GRI pioneered and developed a comprehensive Sustainability Reporting Framework used widely around the world. The Framework enables organizations, both private and public, to measure and report their economic, environmental, social, and governance performance – the four pillars of sustainability.

The Global Reporting Initiative (GRI) is a non-profit organization that promotes economic, environmental, and social sustainability. GRI pioneered and developed a comprehensive Sustainability Reporting Framework used widely around the world.  The Framework enables organizations, both private and public, to measure and report their economic, environmental, social, and governance performance – the four pillars of sustainability.  The Framework includes reporting guidelines, sector guidelines, and other resources.

The GRI launched the first version of the Guidelines (G1) in 2000 and the most recent Guidelines (G4)1 in May 2013. The goal of G4 is to “…encourage more focused sustainability reporting by concentrating on an organization’s material impacts, risks, and opportunities across the whole of its value chain.”2

What is different about G4?  G4 recalibrated the previous reporting guidelines to focus on content (materiality) rather than quantity (scope).  G4 directs organizations to populate their reports with what really matters, rather than “…reporting on everything the company monitors.”  Through the following principle changes, G4 intends to increase organizations’ level and ease of participation:3 

  • Reporting levels: instead of reporting levels, G4 is now based on an “in accordance” system with two tracks—Core and Comprehensive.  If a company does not have all of the data available to be “in accordance,” it must disclose omissions using Guidelines in G4.  If a report uses G4 as a “guide” but does not adhere to all the principles and components, it must be identified as not “in accordance.”
  • Materiality: where issues are deemed material, the G4 report must disclose on those issues.  If these issues cannot be measured and/or tracked the report must acknowledge the relevance and identify limitations in data availability.4
  • Disclosures on management approach (DMAs): DMAs are now more focused on what is referred to as the “Aspect” level—for example, energy use; companies must disclose how they manage each Aspect separately.  G4 provides the following guidance re DMAs:  organizations must explain 1) why an Aspect is material and what impacts make it material; 2) how it manages impacts; and 3) what mechanisms are in place to evaluate the management approach.
  • Sector supplements: GRI will develop specific reporting guidelines by industry, starting with financial services and mining and metals.
  • External assurance:  G4 allows for external (third party) assurance to be conducted by different organizations for different impact areas.

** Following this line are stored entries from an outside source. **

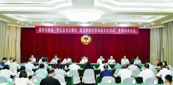在习近平总书记来闽考察一周年之际,第十届世界妈祖文化论坛举办在即,10月14日,莆田市政协召开“牢记总书记嘱托,助力办好世界妈祖文化论坛”专题协商会。市政协主席沈萌芽主持会议,副市长郭国成、市直相关部门负责人与政协委员齐聚一堂,共商办好世界妈祖文化论坛之策。此…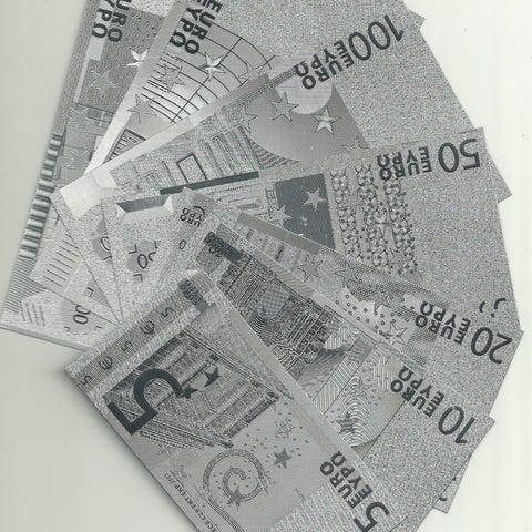 Kullatut eurosetelit 8kpl näköissetelit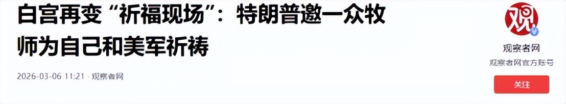 【信源:大河报2026-3-6特朗普邀多位牧师为自己和美军祈祷:牧师们站在特朗普周围将手搭在彼此身上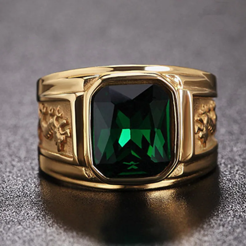 Fashion Men's Ring Square Facade Good Stone Inlaid Ring Side Flying Dragon Carving Domineering Men's Ring Party Jewelry Accessor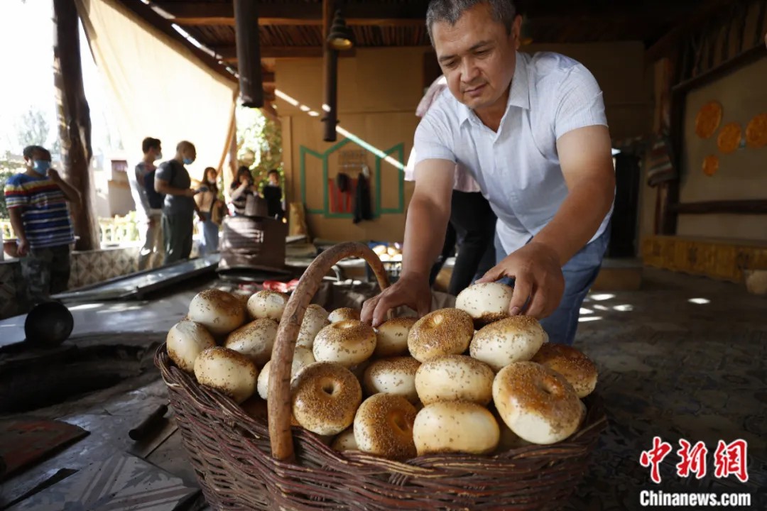 2021年9月25日,新疆维吾尔自治区克孜勒苏柯尔克孜自治州阿图什市阿孜汗村馕合作社。近年来,新疆大力发展馕产业,并逐渐成为富民增收的“名片产业”。中新社记者 富田 摄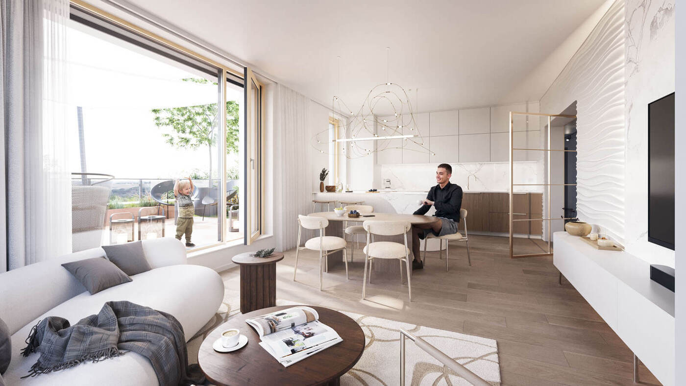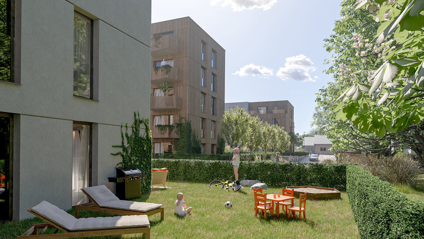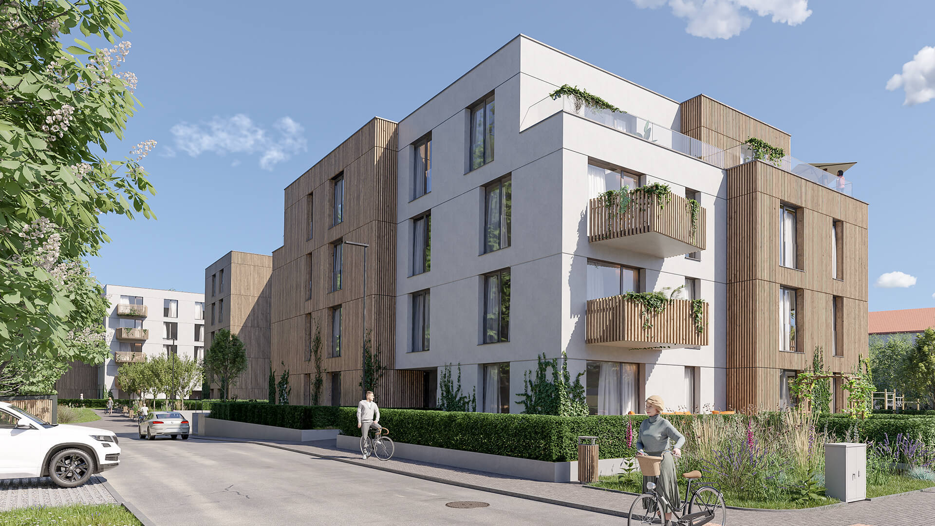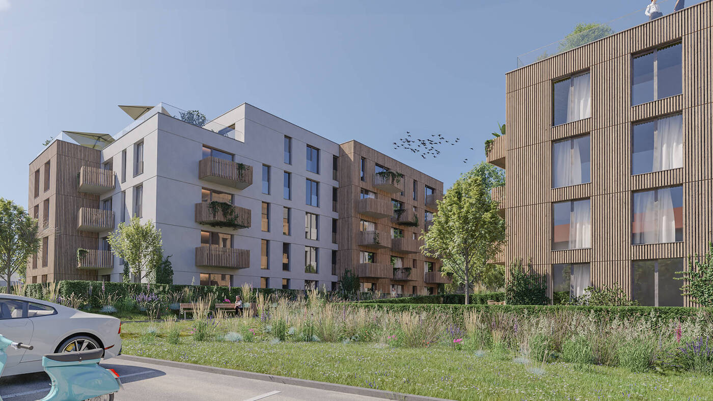Za zádveřím následuje prostorná hala odkud je umožněn přístup do dalších podlaží pomocí dvouramenného schodiště či výtahu. V nadzemních podlažích jednotlivých bytových domů jsou situovány pouze byty o velikostech od 1kk do 4kk. Byty v přízemí mají předzahrádku, každý byt v nadzemním podlaží má balkón. V ustoupeném podlaží se nacházejí byty s balkóny nebo střešními terasami s vegetační střechou.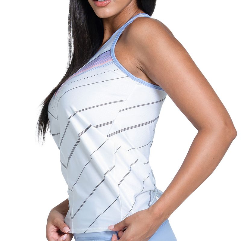 Unlock your A-game on the courts this summer in the purple and orange tones of the Lucky in Love Lavender Love Collection. The Lavender Love Tie Back Tank Top is a full coverage tank that features a tie-back detail and striped design. Made with technical fabric to wick sweat away for optimal comfort on the court.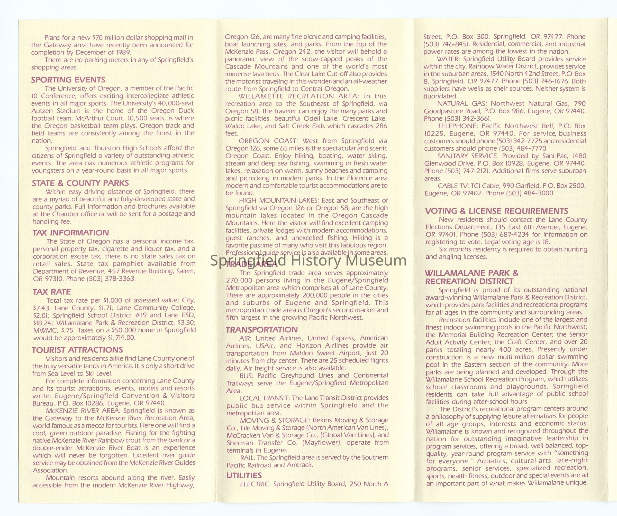 Informational brochure about Springfield, 1988-1990Entry/Object ID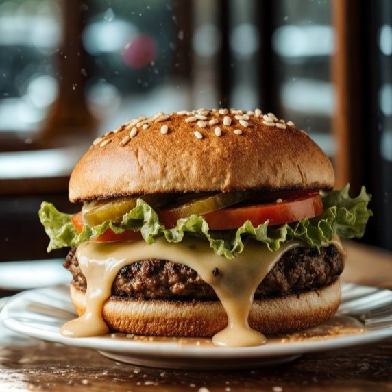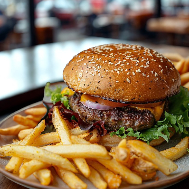 Deliciosa hamburguesa elaborada con pan brioche y carne de sirloin, asada a la plancha y aderezada con queso, mayonesa, mostaza, catsup, lechuga, jitomate, cebolla, chile toreado y papas a la francesa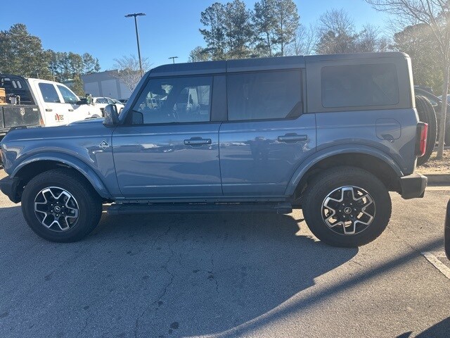 This 2024 Ford Bronco Outer Banks in Azure Gray Metallic features: 4D Sport Utility, 2.3L EcoBoost I-4, 10-Speed Automatic, 4WD, **LOCAL TRADE**, 12" LCD Productivity Touchscreen, 18" Bright Machined Aluminum Wheels, 4-Wheel Disc Brakes, 7 Speakers, ABS brakes, Additional Sound Deadening, AM/FM radio: SiriusXM with 360L, Auto High-beam Headlights, Auto LED Headlights, Auto-dimming Rear-View mirror, Automatic temperature control, Backup Camera, Bluetooth w/ Audio Streaming, Brake assist, Carbonized Gray Molded-In-Color Hard Top, Compass, Delay-off headlights, Electronic Stability Control, Emergency communication system: 911 Assist, Equipment Group 312A Mid Package, Exterior Parking Camera Rear, Front Center Armrest, Front dual zone A/C, Front fog lights, Front Row Top Panels Storage Bag, Front wheel independent suspension, Fully automatic headlights, Hard Top Sound Deadening Headliner, Heated front seats, Heated Leather-Trimmed/Vinyl Bucket Seats, Hill Start Assist, Illuminated entry, Integrated roll-over protection, Leather Seats, Leather Shift Knob, Low tire pressure warning, Navigation system: Connected Navigation, Outside temperature display, Overhead console, Panic alarm, Power door mirrors, Power driver seat, Power Mirror Package, Power Package, Power passenger seat, Power steering, Power windows, Push Button Start, Radio data system, Rear seat center armrest, Rear-Window Defroster & Washer, Remote keyless entry, Security system, SiriusXM Radio w/360L, Speed control, Split folding rear seat, Steering wheel mounted audio controls, SYNC 4, Telescoping steering wheel, Tilt steering wheel, Traction control, Trailer Tow Package (DIO), Trip computer, Variably intermittent wipers.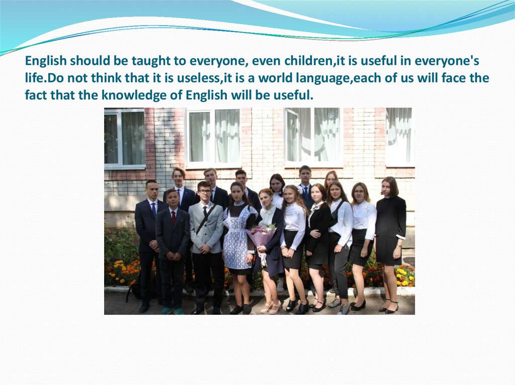 English should be taught to everyone, even children,it is useful in everyone'slife.Do not think that it is useless,it is a world language,each of us will face the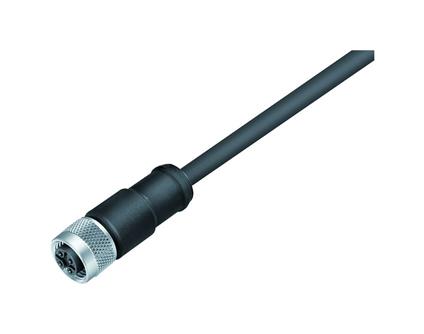 M12-A Female cable connector, Contacts: 4, shielded, moulded on the cable, IP67, UL, PUR, ...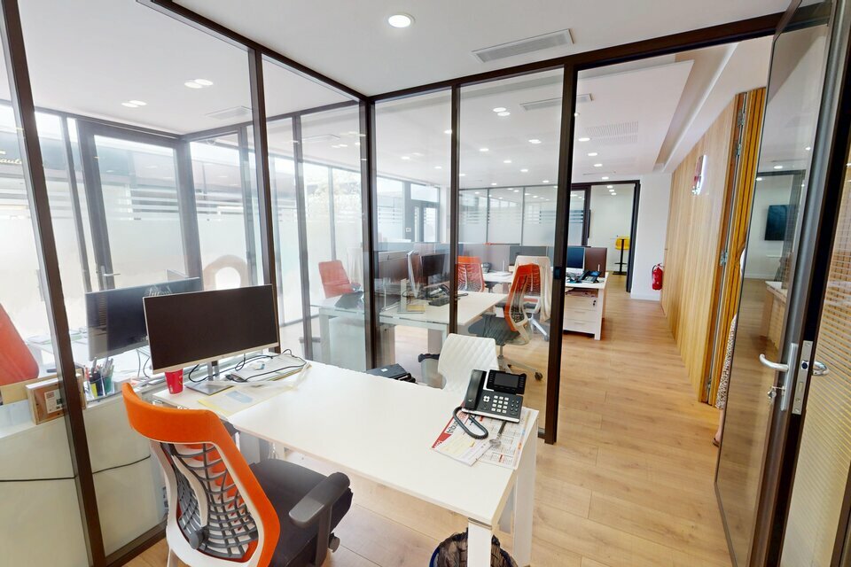 BUREAUX de 122m² en étage composés d'un open-space, de trois bureaux, d'une salle de réunion, d'un espace détente avec cuisine, d'un local archives/informatique et de sanitaires.L'ensemble dispose de deux entrées palières.2 parkings privatifs inclus dans le prix.

Greenhouse gas (GHG) components now align with GHG Protocol
The GHG Emissions Working Group of G4 proposed a number of changes covering disclosures under the Aspects of Energy and Emissions (formerly Emissions, Effluents, and Waste).  The proposed G4 revisions intend to support reporting and alignment with the GHG Protocoland ISO 14064:6 

  • The proposed GHG Emissions Indicators are fully aligned with the GHG Protocol's grouping of emissions into three subsets (Scopes 1, 2, and 3), as well as the ISO 14064 grouping.
  • The revisions modified Energy Indicators to align with the GHG Emissions Indicators for more streamlined reporting.  In addition, the revisions added Intensity Indicators for both energy and GHG emissions.

Utility participation in GRI
In 2011, 26 US utilities submitted GRI reports; many of these same utilities completed reports in 2012.  To date (in 2013), three utilities have submitted reports: AEP, Avista Utilities, and Duke Energy.  What is in question is whether the recent directive by President Obama (to EPA) to limit the amount of carbon emissions from power plants—both new and existing—will provide additional impetus for utilities to benchmark their current emissions using the GRI G4 Framework.7  In addition, since many investment management firms have become signatories of the United Nations Principles on Responsible Investment (UNPRI), the necessity for utilities to comply with GRI guidelines will likely increase—both to retain their investment level by these firms and to reduce their cost of this capital.

1 https://www.globalreporting.org/information/about-gri/Pages/default.aspx
2 KPMG, The GRI G4 Exposure Draft: What Might It Mean for Corporate Sustainability Reporting? (November 2012).
3 Extracted from “Key Changes in Global Reporting Initiative’s G4” by ISOS Group (May 22, 2013).
4 The Materiality Principle, as defined in the G3 Guidelines (2006), has not changed in G4.  That is, the GRI report should cover Aspects that: reflect the organization’s significant economic, environmental and social impacts; or substantively influence the assessments and decisions of stakeholders.  What has changed in G4 is the concept of “Boundary”—organizations are requested to identify and describe where impacts occur for each material Aspect identified. Source: G4 Sustainability Reporting Guidelines, Frequently Asked Questions (June 11, 2013).
5
http://www.ghgprotocol.org/
6 http://www.iso.org/iso/catalogue_detail?csnumber=38381 and http://www.iso.org/iso/home/store/catalogue_tc/catalogue_tc_browse.htm?commid=546318
7 ‘We Need to Act’: Transcript of Obama’s Climate Change Speech (Bloomberg; June 25, 2013.